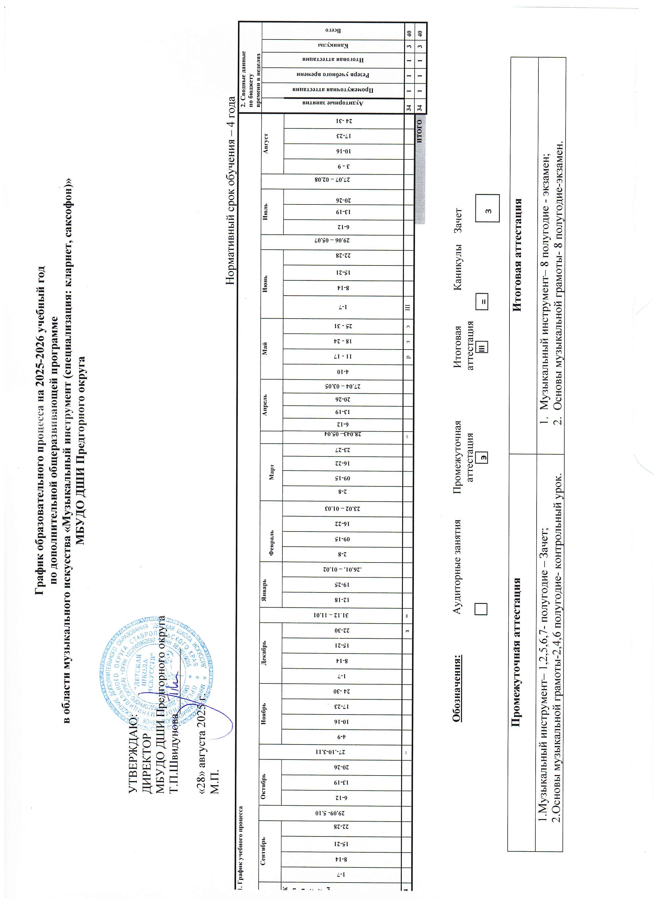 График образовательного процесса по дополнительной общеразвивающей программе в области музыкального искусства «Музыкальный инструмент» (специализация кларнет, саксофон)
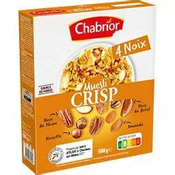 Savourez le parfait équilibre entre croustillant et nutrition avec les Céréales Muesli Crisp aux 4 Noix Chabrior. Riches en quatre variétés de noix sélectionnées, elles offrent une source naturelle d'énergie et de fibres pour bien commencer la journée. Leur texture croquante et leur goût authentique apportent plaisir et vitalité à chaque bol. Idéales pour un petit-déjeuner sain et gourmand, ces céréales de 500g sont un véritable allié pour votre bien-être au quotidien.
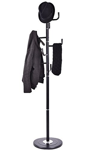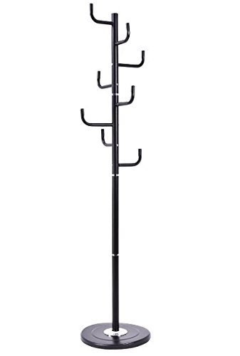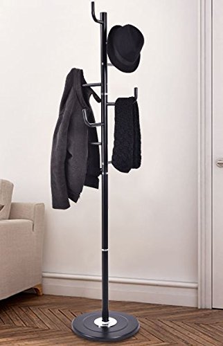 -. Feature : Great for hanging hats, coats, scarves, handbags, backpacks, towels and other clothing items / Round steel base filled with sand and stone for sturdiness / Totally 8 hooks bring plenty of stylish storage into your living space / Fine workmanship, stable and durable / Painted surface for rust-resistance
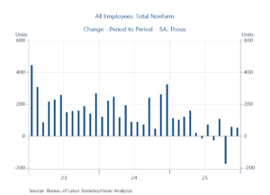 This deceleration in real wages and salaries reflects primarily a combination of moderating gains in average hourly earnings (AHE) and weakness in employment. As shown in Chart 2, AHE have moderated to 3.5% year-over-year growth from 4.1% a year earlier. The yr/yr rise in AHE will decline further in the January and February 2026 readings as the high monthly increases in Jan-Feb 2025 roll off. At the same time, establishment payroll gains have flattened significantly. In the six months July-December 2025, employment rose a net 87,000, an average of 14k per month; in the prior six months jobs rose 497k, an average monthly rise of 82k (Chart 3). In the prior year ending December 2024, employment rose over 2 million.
================
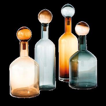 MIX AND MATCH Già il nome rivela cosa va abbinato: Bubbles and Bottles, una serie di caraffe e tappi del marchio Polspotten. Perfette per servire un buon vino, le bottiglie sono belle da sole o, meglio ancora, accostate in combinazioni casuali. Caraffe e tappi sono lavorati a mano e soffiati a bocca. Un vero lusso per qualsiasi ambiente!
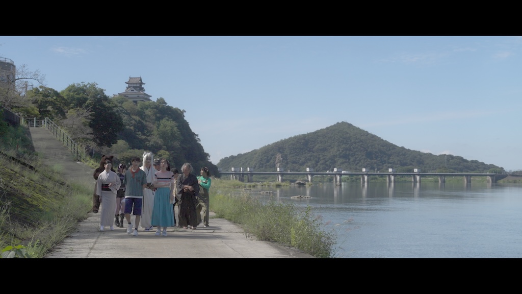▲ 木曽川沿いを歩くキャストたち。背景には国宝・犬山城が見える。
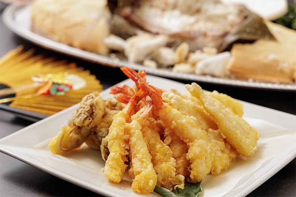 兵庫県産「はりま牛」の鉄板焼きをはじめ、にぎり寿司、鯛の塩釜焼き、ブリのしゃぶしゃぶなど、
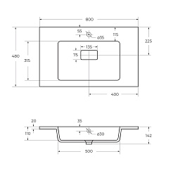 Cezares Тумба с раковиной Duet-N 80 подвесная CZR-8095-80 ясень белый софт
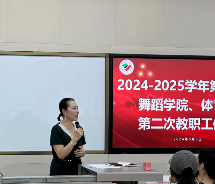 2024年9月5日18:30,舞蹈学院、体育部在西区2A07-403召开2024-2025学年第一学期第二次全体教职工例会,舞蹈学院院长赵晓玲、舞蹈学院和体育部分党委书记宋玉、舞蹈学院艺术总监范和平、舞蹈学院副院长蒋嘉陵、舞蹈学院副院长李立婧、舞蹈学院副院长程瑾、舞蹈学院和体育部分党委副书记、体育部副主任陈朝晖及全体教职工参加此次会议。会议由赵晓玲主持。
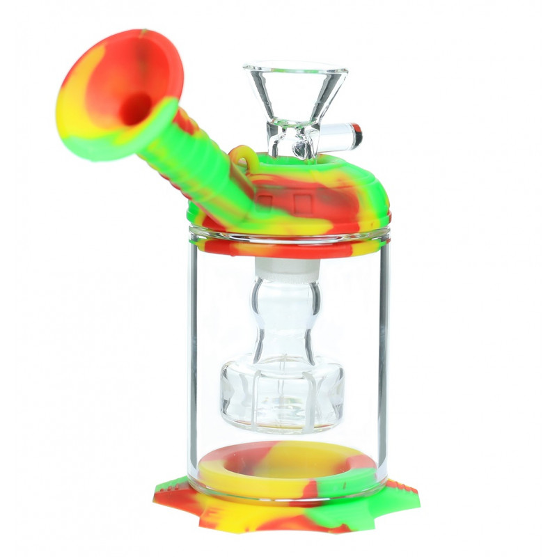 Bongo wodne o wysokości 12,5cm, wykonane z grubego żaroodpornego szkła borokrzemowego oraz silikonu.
================
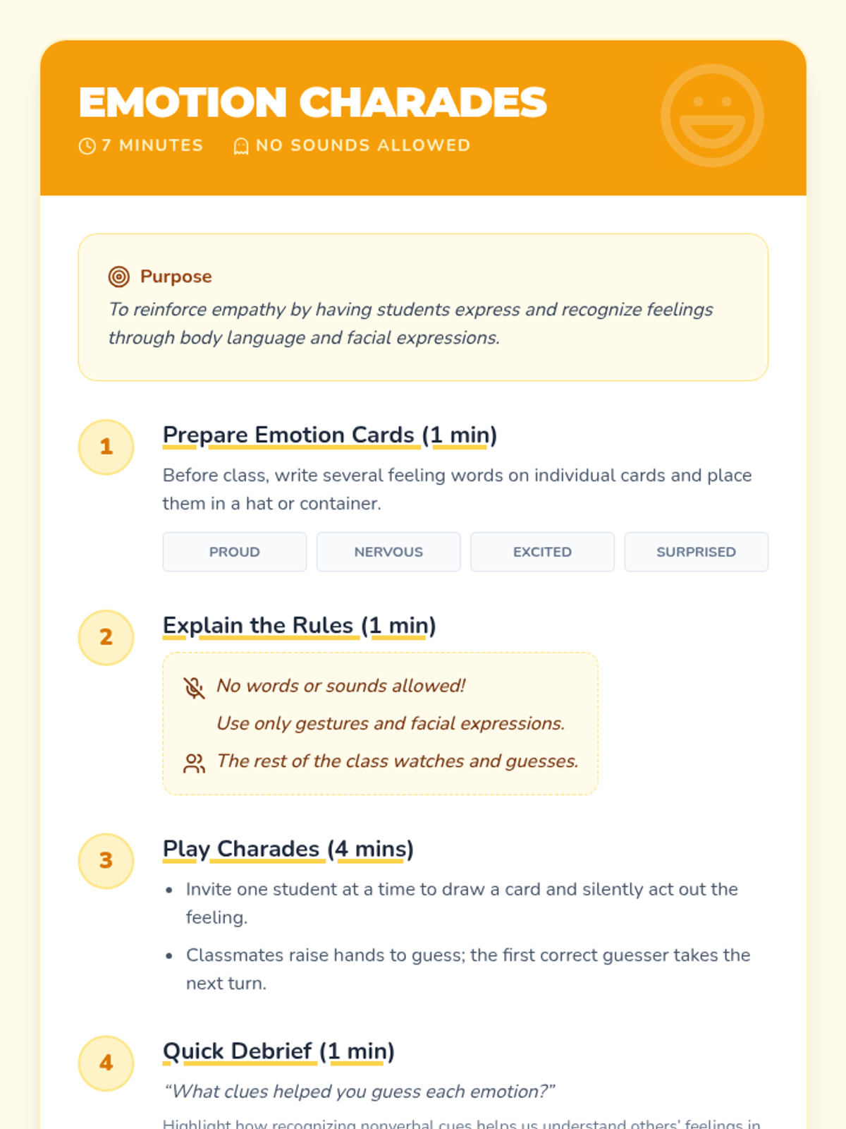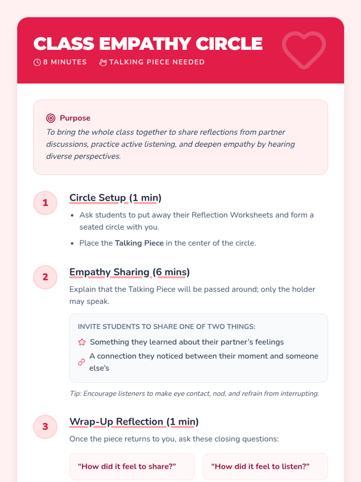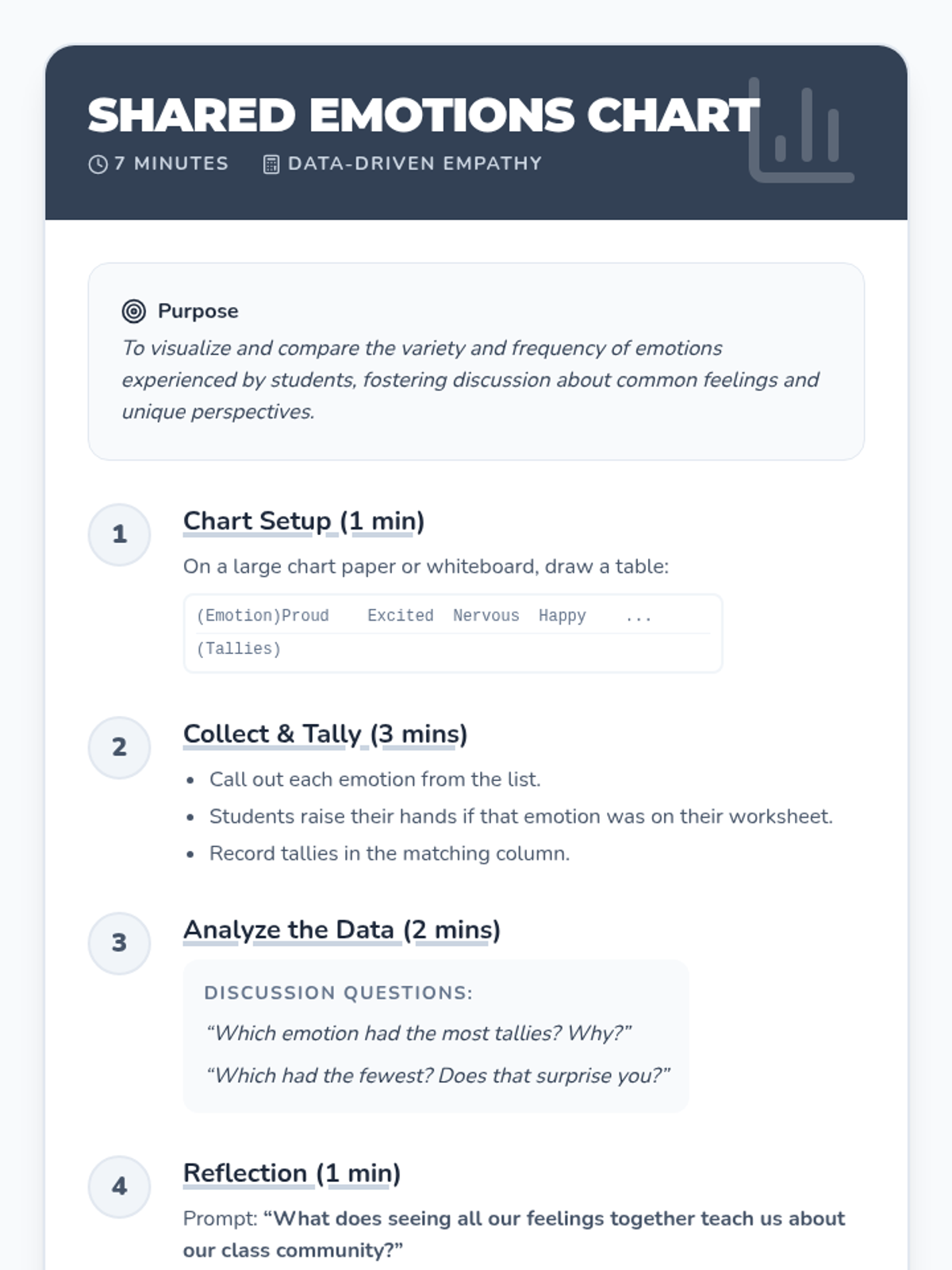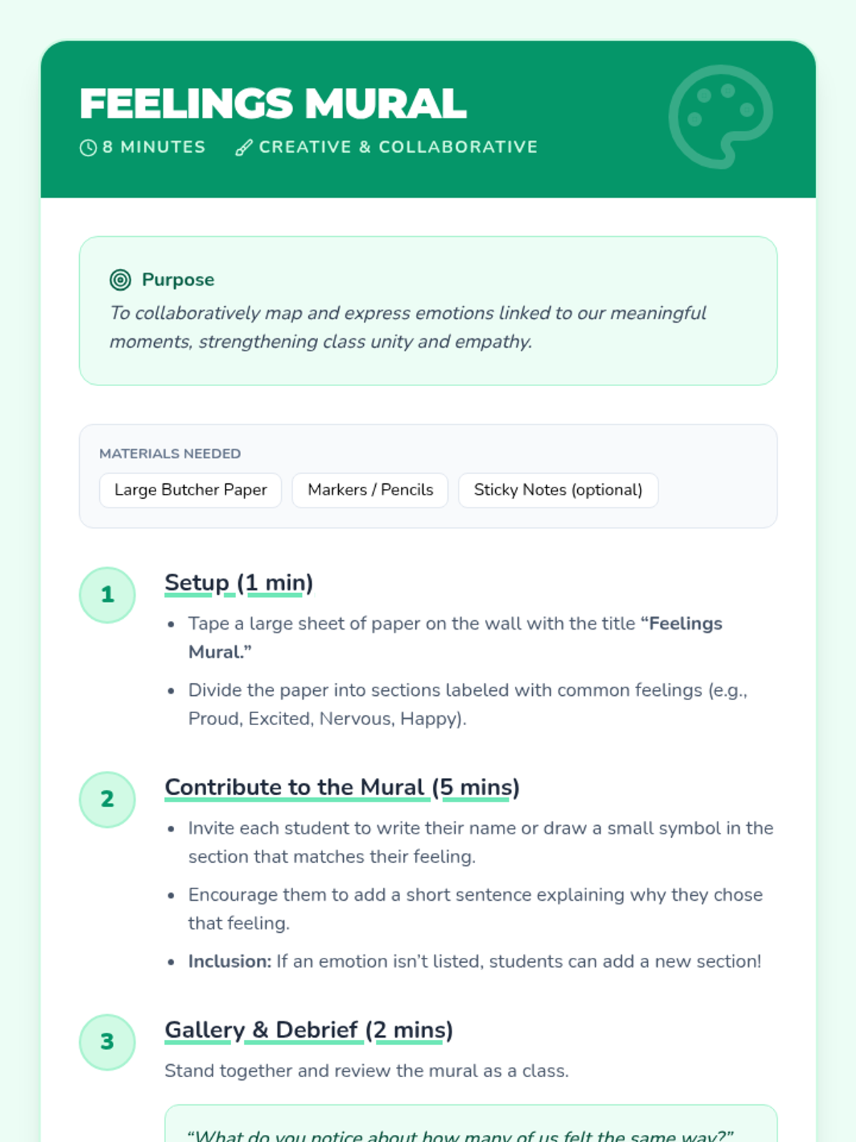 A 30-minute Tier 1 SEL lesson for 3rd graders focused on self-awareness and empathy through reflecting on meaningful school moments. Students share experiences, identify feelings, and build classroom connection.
================
Look above for the line with "2024年9月5日18:30", then print it and each line after it down to and including the line with "Bongo wodne o". Leave out the pictures and keep the wording exact.

 2024年9月5日18:30,舞蹈学院、体育部在西区2A07-403召开2024-2025学年第一学期第二次全体教职工例会,舞蹈学院院长赵晓玲、舞蹈学院和体育部分党委书记宋玉、舞蹈学院艺术总监范和平、舞蹈学院副院长蒋嘉陵、舞蹈学院副院长李立婧、舞蹈学院副院长程瑾、舞蹈学院和体育部分党委副书记、体育部副主任陈朝晖及全体教职工参加此次会议。会议由赵晓玲主持。
 Bongo wodne o wysokości 12,5cm, wykonane z grubego żaroodpornego szkła borokrzemowego oraz silikonu.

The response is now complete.